Synopsis – Yishaya 54:1-10 (Sephardim)[1]

Our haftara is chosen because Yishaya calls to those in distress and sorrow, and informs them that the difficulties are but stops along the way to fruitful and peaceful days ahead. They are likened to the flood…’As I swore with the waters of Noah nevermore would flood the earth, So I swear that I will not rebuke you’ (54:9).

Hope from suffering is the theme of the prophecy in which the nation is promised that they shall not be shamed nor disgraced (54:4). They should ‘forget the reproach of their youth’…(ibid.) and they are promised that ‘The Holy One of Israel will redeem you’. (ibid.:5). The suffering and difficulties that the nation endured was but an aspect of their journey that will lead them into peace and strength.

‘The Lord has called you back…for a moment I hid my face from you…But my loyalty shall never move from you, nor my covenant of peace be shaken’….

*******

Suffering has forever been a part of the human experience. We are vulnerable beings and we feel pain. We love, we care and we invest ourselves into the world. We build lives and relationships, establish comforts and strive for achievements. When these elements of life are hurt or damaged we suffer.

The core of our suffering, however, is tied more to the quality of the experience than the nature of the objective condition. The feeling of loss, confusion, grief and lack of apparent purpose in our hardships, is the source of our greatest distress.

The existential psychiatrist Viktor Frankl survived five concentration camps during the Holocaust and subsequently wrote Man’s Search for Meaning in which he detailed the conditions of that pain and hardship, and the different ways in which people responded to it.

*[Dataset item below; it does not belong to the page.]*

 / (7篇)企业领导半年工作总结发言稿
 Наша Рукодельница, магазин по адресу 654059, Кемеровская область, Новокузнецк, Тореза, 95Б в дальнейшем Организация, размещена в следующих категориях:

His thesis in the book is that suffering is mitigated the moment we find meaning in it. We learn how to suffer when we discover a reason why. Frankl quotes Nieitzsche who said, ‘He who has a why to live for can bear almost any how’.

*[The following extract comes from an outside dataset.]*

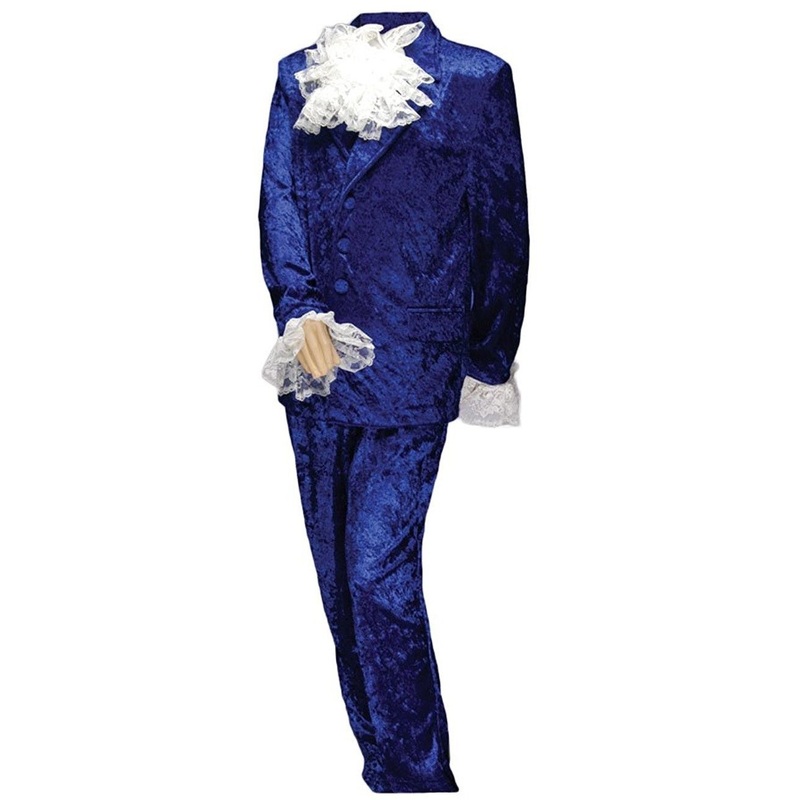 Includes: Iconic Velvet jacket with front covered button closure and mock pocket flaps, matching pants with seam pockets, contrasting lace jabot and cuffs.Made in USA /High-quality fabricColor: Blue, RedSize (chest): S (34-36), M (38-40),L (42-44), XL (46-

But there is something more to suffering that the quotes at the top suggest, which I believe is its deepest and most important aspect.

If we heed the advice of Churchill ‘when we are going through hell and keep going’, there is something precious at the other end. Those who come through access something that is not attainable to us in any other way. We emerge holier, deeper, wiser and with greater compassion, sensitivity, and understanding. Our souls have powered us through the sorrow, and in doing so their great beauty and strength is unlocked, changing us forever.

If we manage to see our sufferings as difficult seasons in our lives rather than paralysing burdens, we become open to levels of love and care that we otherwise could not achieve.

‘For a small bit of time I withdrew from you, but with great compassion I will collect you. In slight anger, for a moment, I hid my face from you; But with kindness everlasting I will take you back in love’.

Our Haftara focuses on this aspect of the flood. Not the death it wrought, but the suffering of Noah — the season of his distress. Yishaya calls the waters of the flood the ‘Waters of Noah’. Noah is the one who suffers in the story, he is the one who loses an entire world, and must ‘suffer’ the difficult passage into, and rebuilding of, a new one. He manages to brave the waters rather than drown in them because of his hope[2] for the future and his commitment to the earth[3]. The ark was a sanctuary that honoured the sanctity of life in all of its facets.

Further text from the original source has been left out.